# Homework Help: Father pushing child on swing problem

1. Apr 23, 2007

### rcw110131

1. The problem statement, all variables and given/known data

A father is about to push his child on the swing. He pulls the swing back by 1 radian, and start pushing the child with a constant force perpendicular to the swing's chain and with a magnitude equal to mg, where m is the mass of the child and the swing seat. The father stops pushing when the swing's chain is again vertical. In the approximation that sinα ≅ α (where α is an angle up to 1 radian), calculate the time the father is pushing. Neglect the weight of swing's chain and the retardation by the air drag.

2. Relevant equations

Umm, some second order differential equation that I have no clue how to derive?

3. The attempt at a solution

I really have no idea where to start with this one and I only have like 4 hours to get this done . Any help would be greatly appreciated.

2. Apr 23, 2007

### HallsofIvy

First, please do not use "special symbols". I do not have a Font that allows me to see what you have between $sin \alpha$ and $\alpha$. I am assuming that you are saying that $\alpha$ is small enough that $sin\alpha$ is approximately equal to $\alpha$ (which is NOT very accurate for $\alpha$ up to 1 radian- sin(1) is only about .84- so I may be wrong about that).

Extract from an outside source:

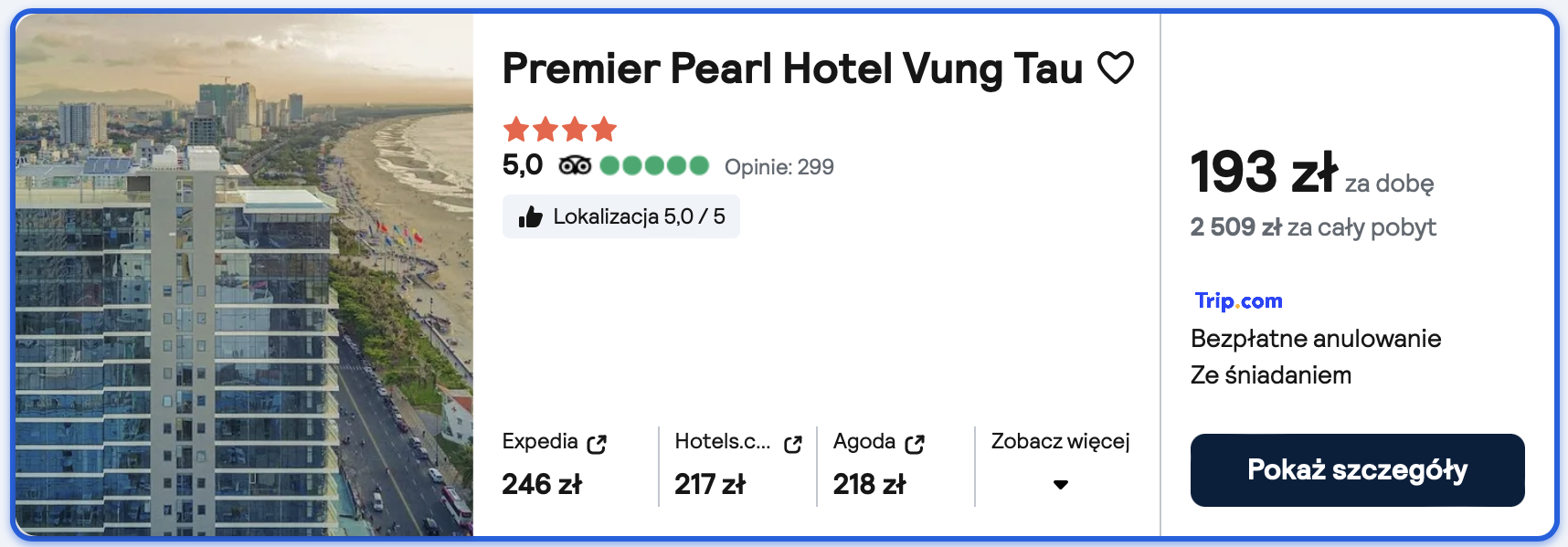 W miejscowości Vung Tau zatrzymasz się w 4* hotelu Premier Pearl Vung Ta, który znajduje się tuż przy plaży. Z lotniska (Ho Chi Minh) w okolice miejsca noclegowego dojedziesz komunikacją publiczną.
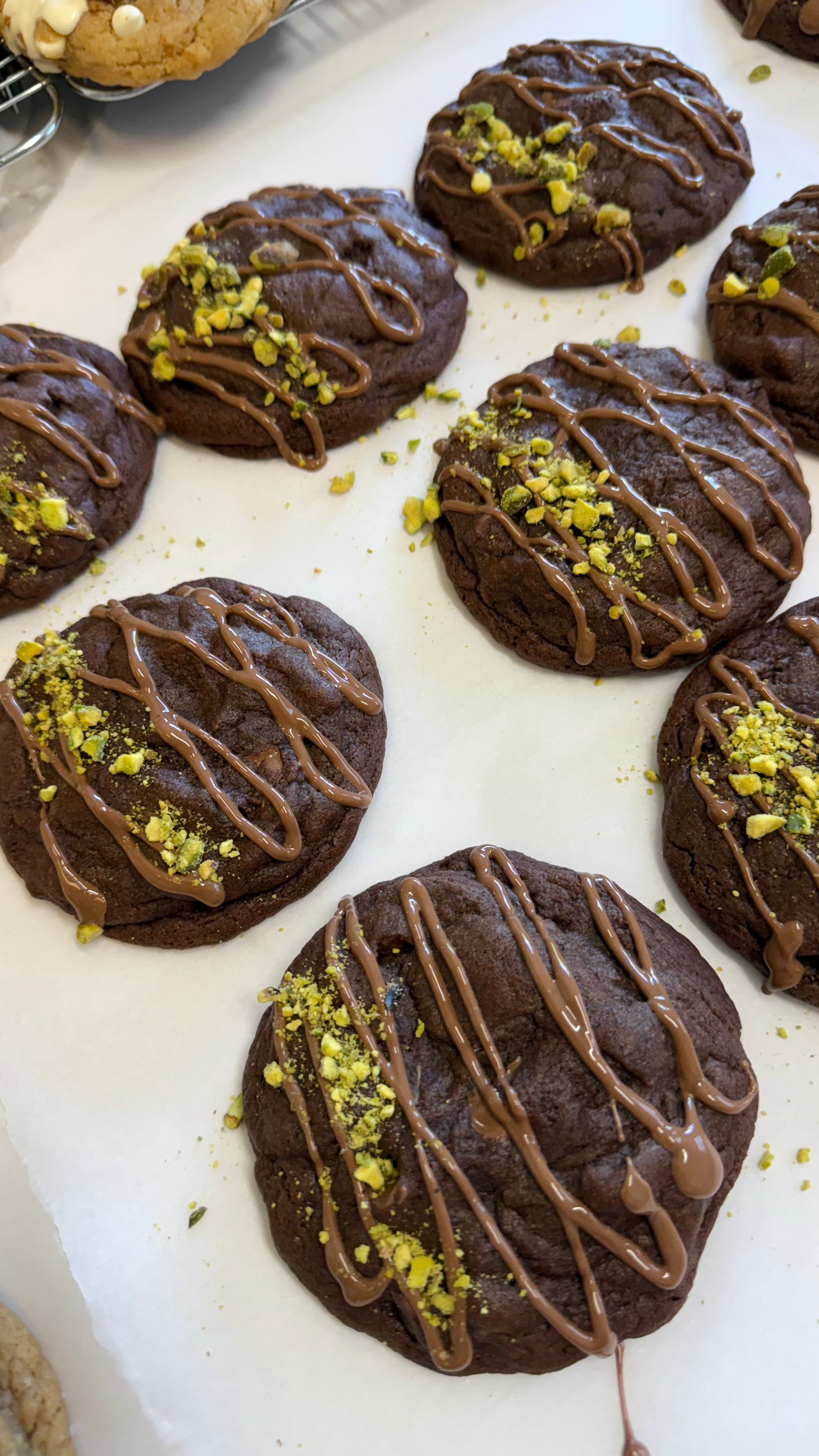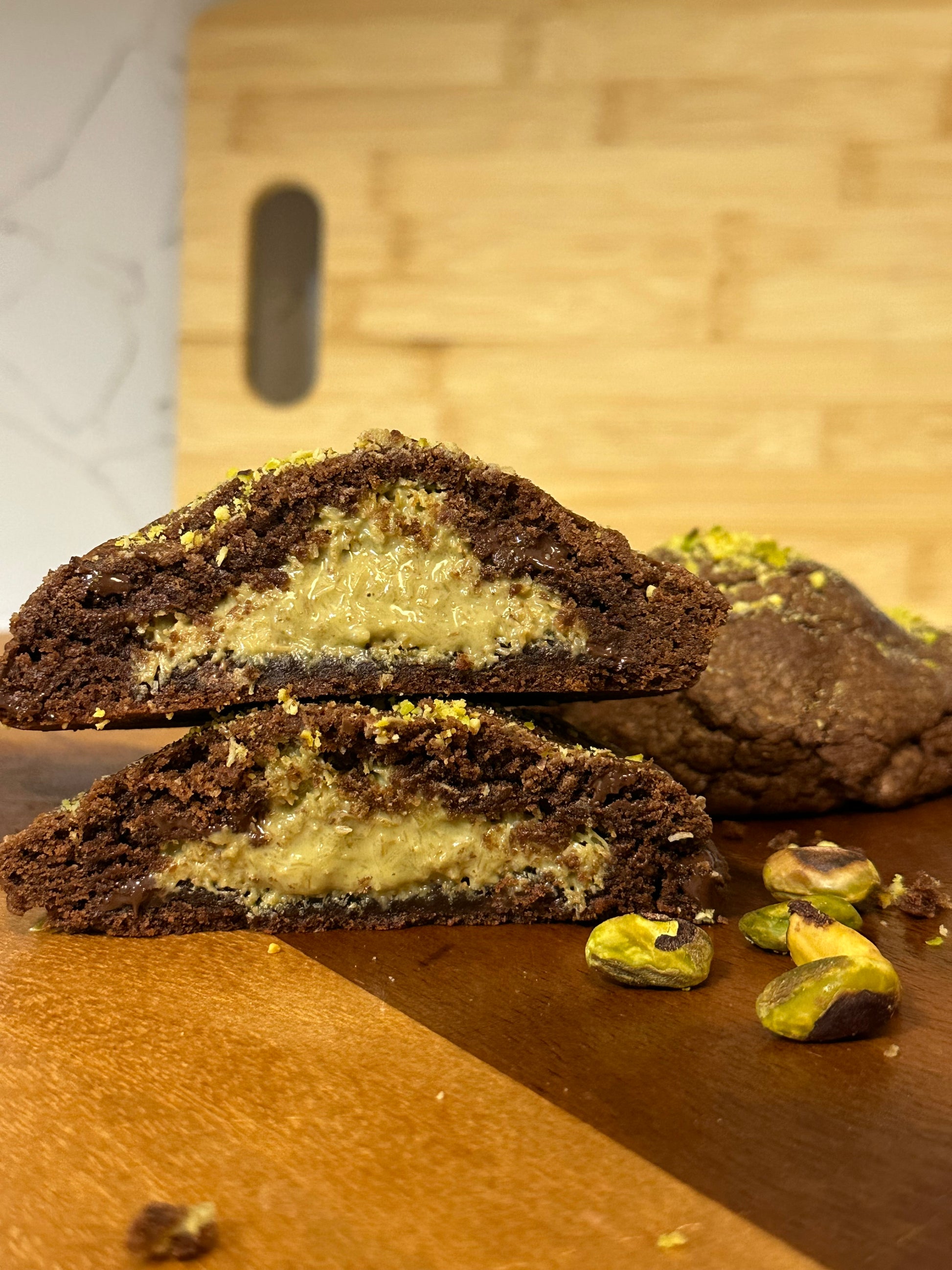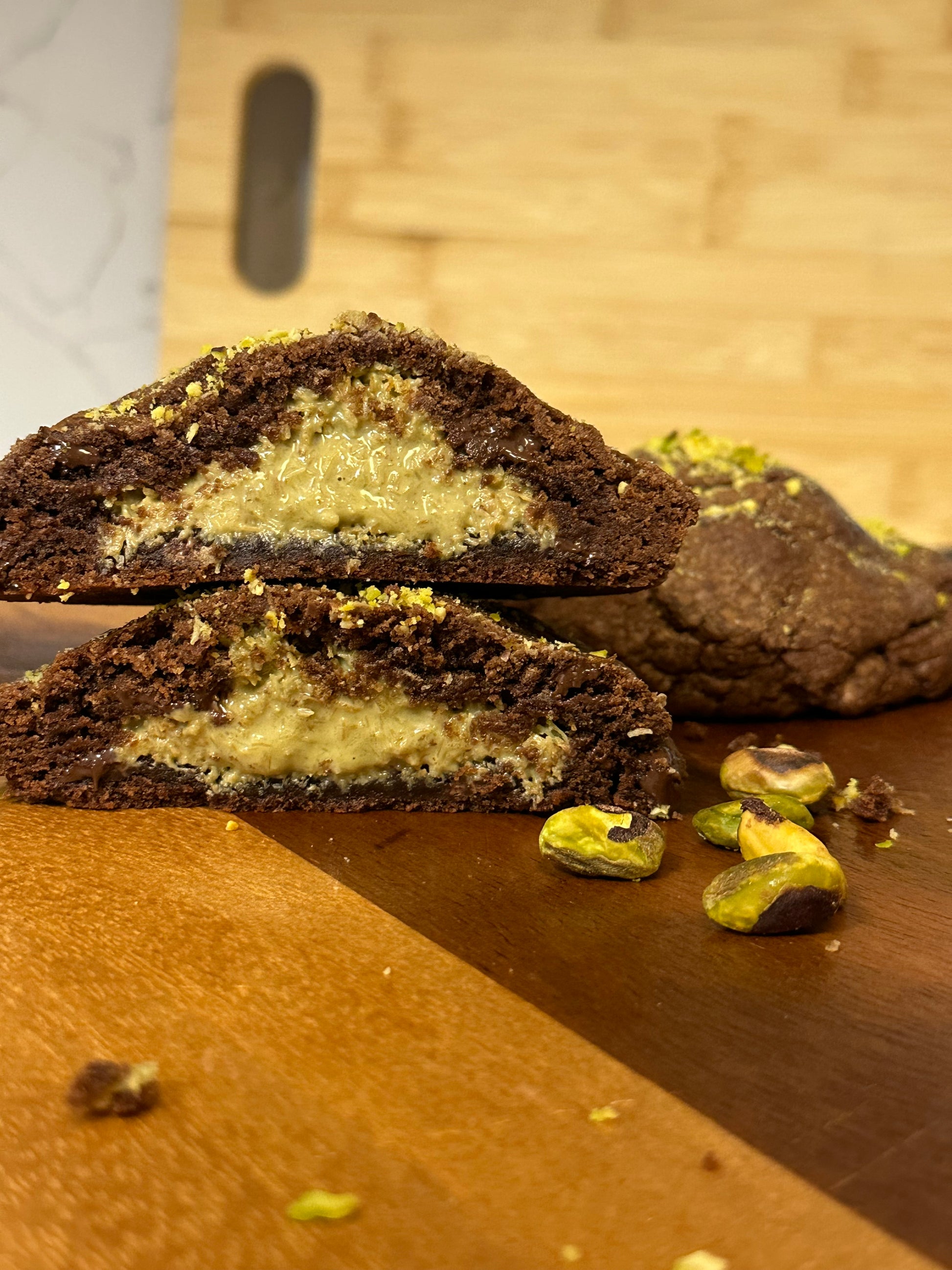 Midnight in Dubai cookie, a triple chocolate cookie stuffed with Dubai chocolate 🤍 a cookie flavor experience like never beforeÂ

Okay, your basic equation is F= ma, force equals mass times acceleration. At any point, there is a force, -mg, straight down, but the swing chain offsets part of that- the force parallel to motion is $-mg sin\alpha$ so you have $m d^2s/dt^2= -mg sin\alpha$ or approximately $m d^2s/dt^2= -mg sin\alpha$ where s is measured along the arc of the swing. If $sin(\alpha)$ is approximately $\alpha$, then $m d^2s/dt^2= -mg\alpha$ approximately.
If the swing chain has length L, then $s= L\alpha$ so the equation is $d^2\alpha/dt^2= (-g/L) \alpha$ or $md^2\alpha /dt^2+ (mg/L) \alpha= 0$.

Now put in the father's push. He is pushing parallel to the arc of motion with magnitude mg so we have $md^2\alpha/dt^2+ (mg/L) \alpha= mg$. As always with gravity problems, the "m"s cancel and we have $d^2\alpha/dt^2+ (g/L) \alpha= g$. That's the equation you want to solve.

3. Apr 23, 2007

### rcw110131

You're a lifesaver, thank you so much for your help!

4. Apr 23, 2007

### rcw110131

Just when I thought I had this problem, turns out the 2.5 years of no differential equations has caught up to me. Can anyone help me on how to solve $d^2\alpha/dt^2+ (g/L) \alpha= g$? I've been searching online and through books for the past 2 hours and can't get it . Thanks.